You should be able to get a local mutable copy using
Dataset.get_mutable_local_copy and then creating a new dataset.
But personally I prefer this workflow:
dataset = Dataset.get(dataset_project=CLEARML_PROJECT, dataset_name=CLEARML_DATASET_NAME, auto_create=True, writable_copy=True) dataset.add_files(path=save_path, dataset_path=save_path) dataset.finalize(auto_upload=True)
writable_copy argument gets a dataset and creates a child of it (a new dataset with your selected one as parent). In this way you can just add some files and upload the whole thing. It will now contain everything your previous dataset did + the files you added AND keep track of the previous dataset. In this way clearml knows not to upload the data that was already there, it will only upload your newly added files.
auto_create will create a dataset is none exist yet
auto_upload=True is basically the same as first uploading and then finalizing
These 3 lines use functionality that's only just available, so make sure to have the latest clearml version :)
Sorry for the late response. Agreed, that can work, although I would prefer a way to access the data by M number of batches added instead of a certain range, since these cases aren't interchangeable. Also a simple thing that can be done is that you can create an empty Dataset in the start, and then make it the parent of every dataset you add.
That makes sense! Maybe something like dataset querying as is used in the clearml hyperdatasets might be useful here? Basically you'd query your dataset to only include sample you want and have the query itself be a hyperparameter in your experiment?
Cool! 😄 Yeah, that makes sense.
So (just brainstorming here) imagine you have your dataset with all samples inside. Every time N new samples arrive they're just added to the larger dataset in an incremental way (with the 3 lines I sent earlier).
So imagine if we could query/filter that large dataset to only include a certain datetime range. That range filter is then stored as hyperparameter too, so in that case, you could easily rerun the same training task multiple times, on different amounts of data, by just changing the daterange parameter in the interface. It could help to find out the best interval to take maybe?

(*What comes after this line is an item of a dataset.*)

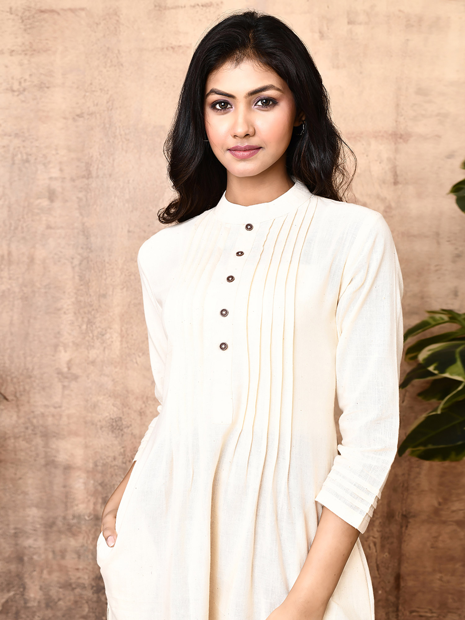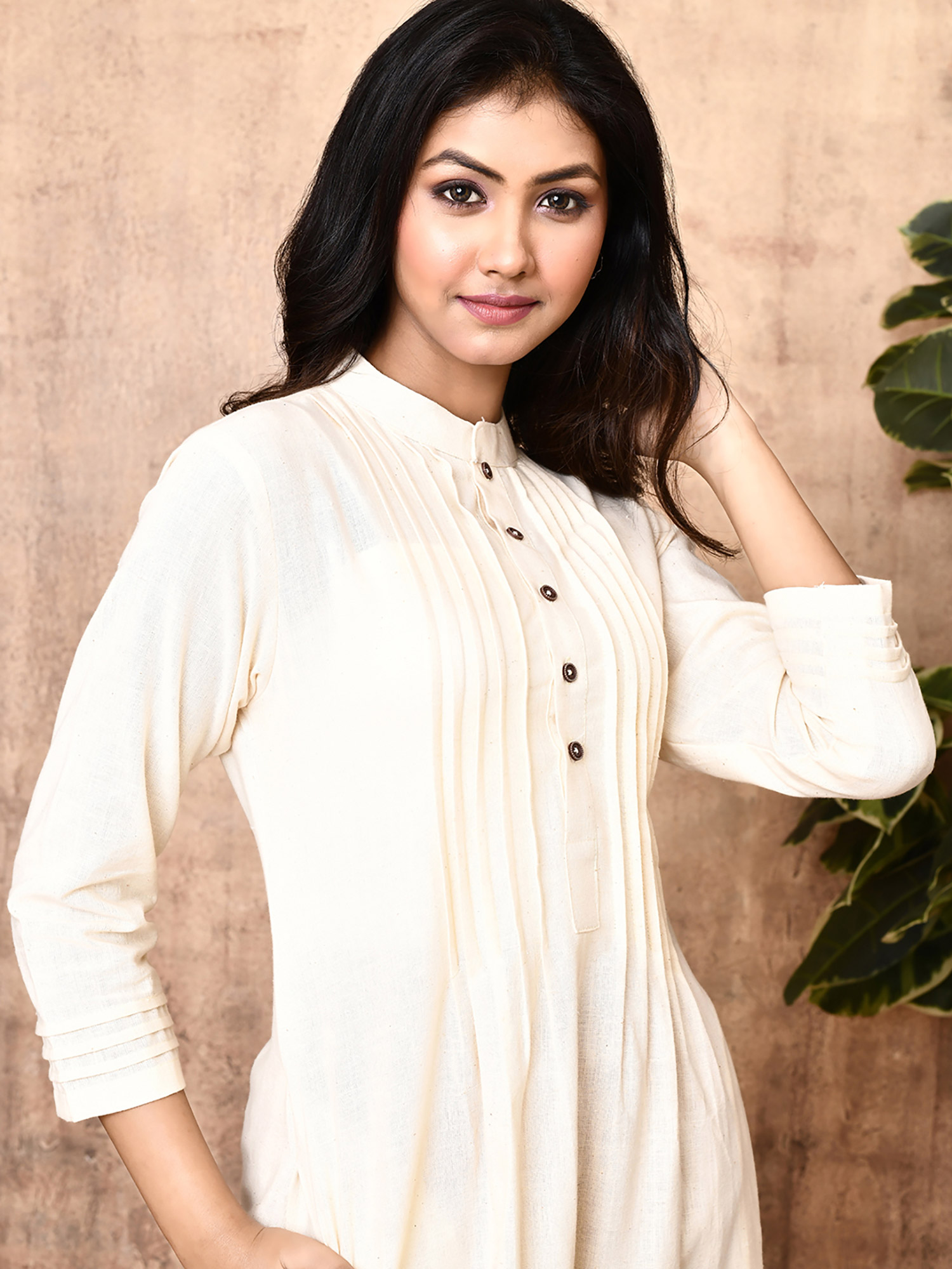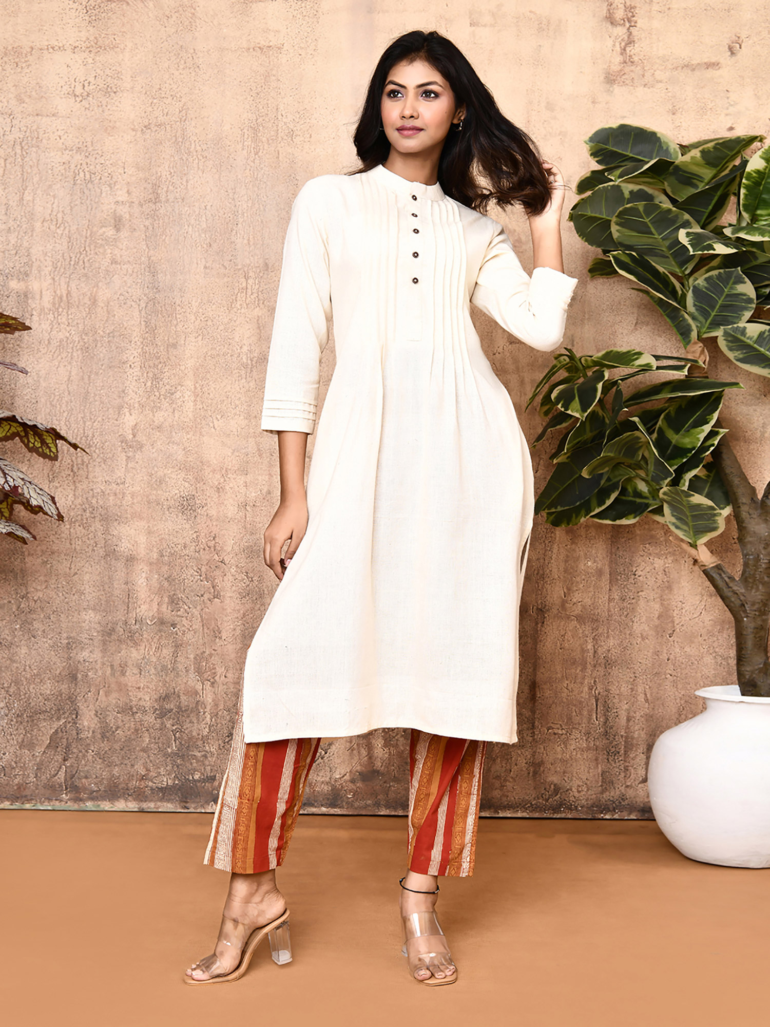 Discover the timeless appeal of the Sadira Off-White Handloom Cotton Kurta. Made from breathable handwoven cotton, this kurta features elegant 3/4 sleeves and a chic mandarin collar. Delicate pin-tuck details add subtle texture. A button closure offers refined style, while two spacious pockets enhance everyday functionality. As an eco-conscious choice, slight variations celebrate the unique artistry of handloom craftsmanship, making each kurta a distinctive garment.

I'm just asking you if that would make sense, because I've been thinking about this functionality for my own usecases too 🙂 Would be cool to contribute it
Well I'm still researching how it'll work. I'm expecting it to not be very good and will make the model learning very stochastic in nature.
I plan to instead at the training stage, instead of just getting this model, use Dataset.squash, to get previous M datasets merged together.
This should introduce stability in the dataset.
Also this way, our model is trained on a batch of data multiple times but only for a few times before that batch is discarded. We keep the training data fresh for continuous training hopefully reducing data drift caused by time.
I already have the dataset id as a hyperparameter. I get said dataset. I'm only handling one dataset right now but merging multiple ones is a simple task as well.
Also I'm not very experienced and am unsure what proposed querying is and how and if it works in ClearML here.